■ **TASK INSTRUCTIONS**
Copy word for word the lines of the records below, beginning at the one with "This unique ceiling" and finishing at the one with "Today’s reminder to", ends included, but none of the pictures.

■ **DATASET ENTRIES**
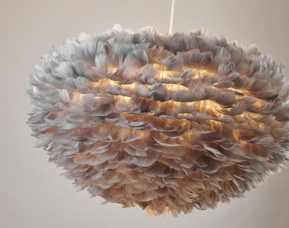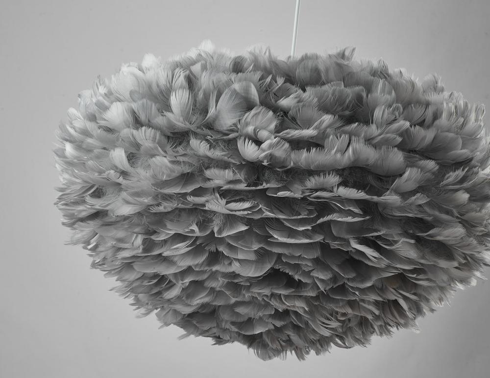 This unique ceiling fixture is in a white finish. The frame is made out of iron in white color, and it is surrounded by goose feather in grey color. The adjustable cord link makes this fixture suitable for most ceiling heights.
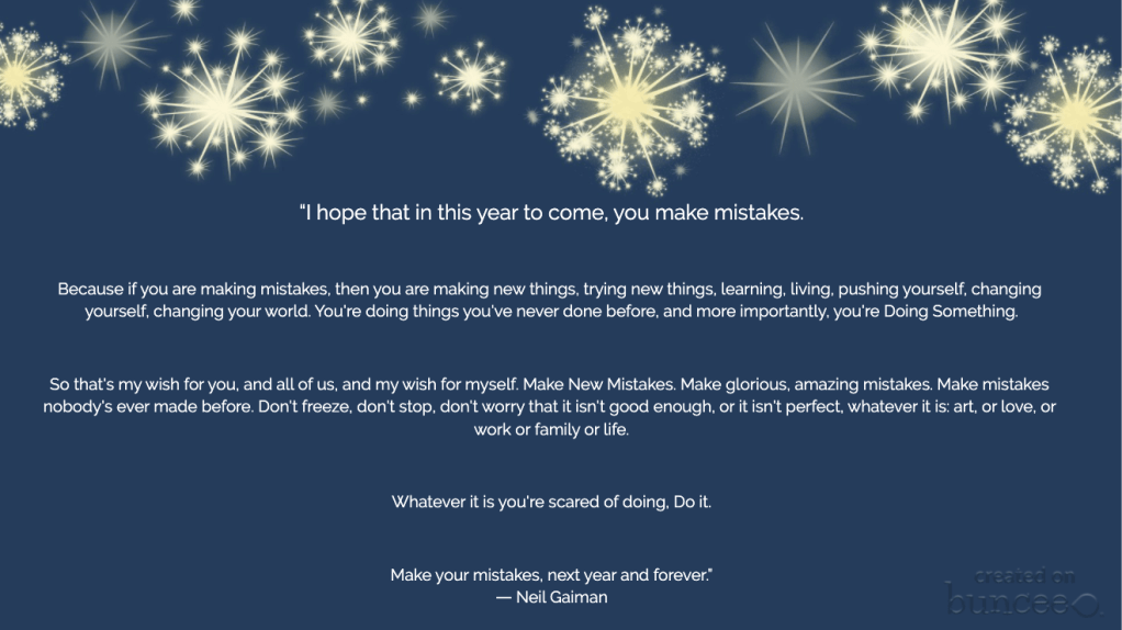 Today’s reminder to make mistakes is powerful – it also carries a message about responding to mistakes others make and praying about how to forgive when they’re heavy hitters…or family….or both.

--

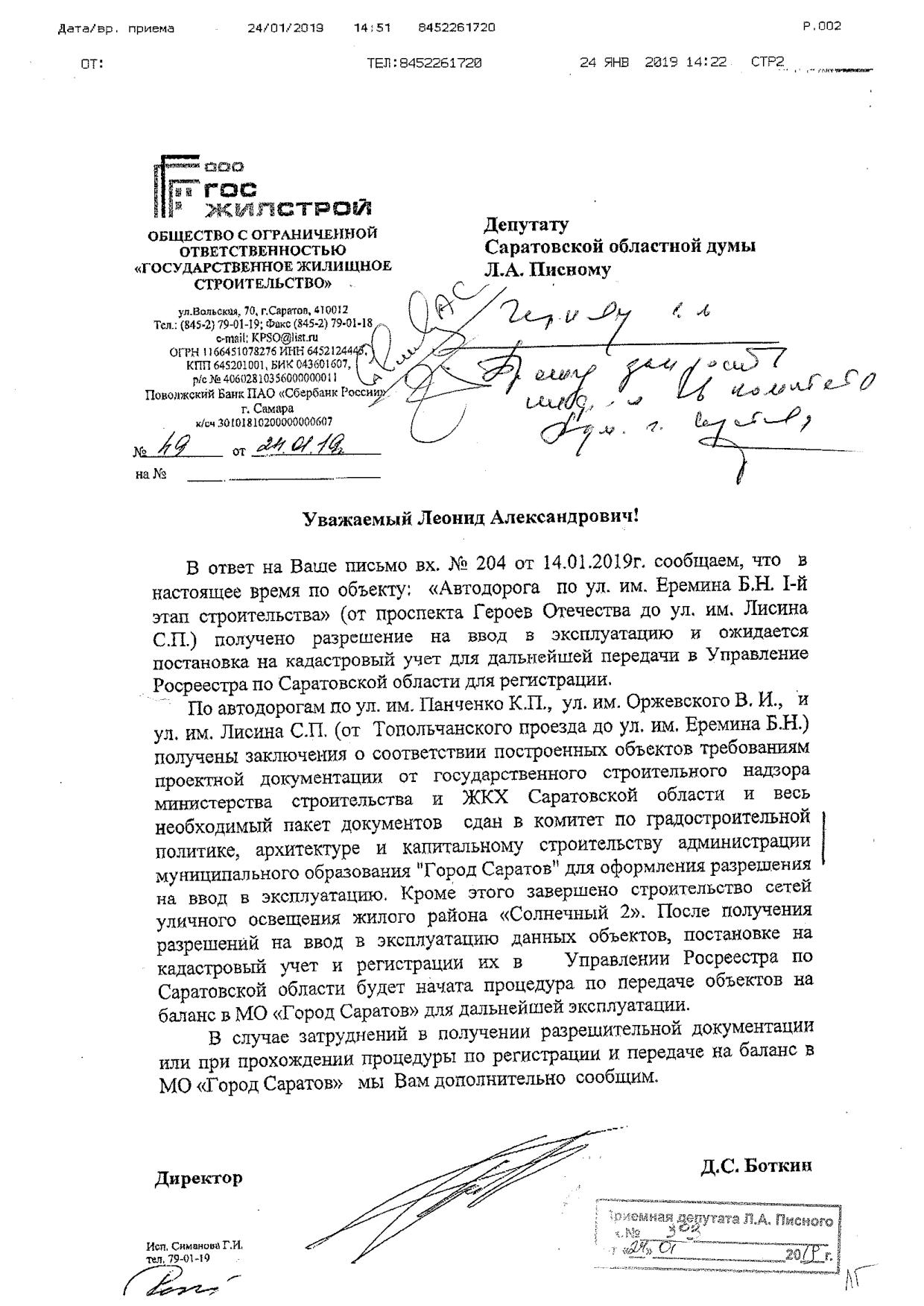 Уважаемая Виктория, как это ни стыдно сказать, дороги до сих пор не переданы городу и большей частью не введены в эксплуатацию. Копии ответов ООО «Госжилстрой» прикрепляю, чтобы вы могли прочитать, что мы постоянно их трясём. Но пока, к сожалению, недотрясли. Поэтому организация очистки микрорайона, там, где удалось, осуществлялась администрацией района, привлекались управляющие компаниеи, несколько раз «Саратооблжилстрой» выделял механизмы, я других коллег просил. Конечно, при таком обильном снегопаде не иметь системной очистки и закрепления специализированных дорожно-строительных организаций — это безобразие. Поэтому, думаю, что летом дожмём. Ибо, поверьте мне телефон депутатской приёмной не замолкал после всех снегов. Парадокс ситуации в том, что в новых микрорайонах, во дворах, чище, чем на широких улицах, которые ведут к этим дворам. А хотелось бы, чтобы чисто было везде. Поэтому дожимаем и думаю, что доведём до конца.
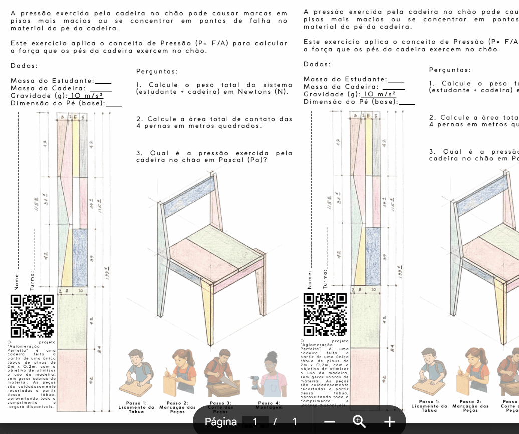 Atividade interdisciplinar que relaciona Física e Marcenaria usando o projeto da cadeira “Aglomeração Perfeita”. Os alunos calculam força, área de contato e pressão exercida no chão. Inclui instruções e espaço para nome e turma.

■ **TASK OUTPUT**
 This unique ceiling fixture is in a white finish. The frame is made out of iron in white color, and it is surrounded by goose feather in grey color. The adjustable cord link makes this fixture suitable for most ceiling heights.
 Today’s reminder to make mistakes is powerful – it also carries a message about responding to mistakes others make and praying about how to forgive when they’re heavy hitters…or family….or both.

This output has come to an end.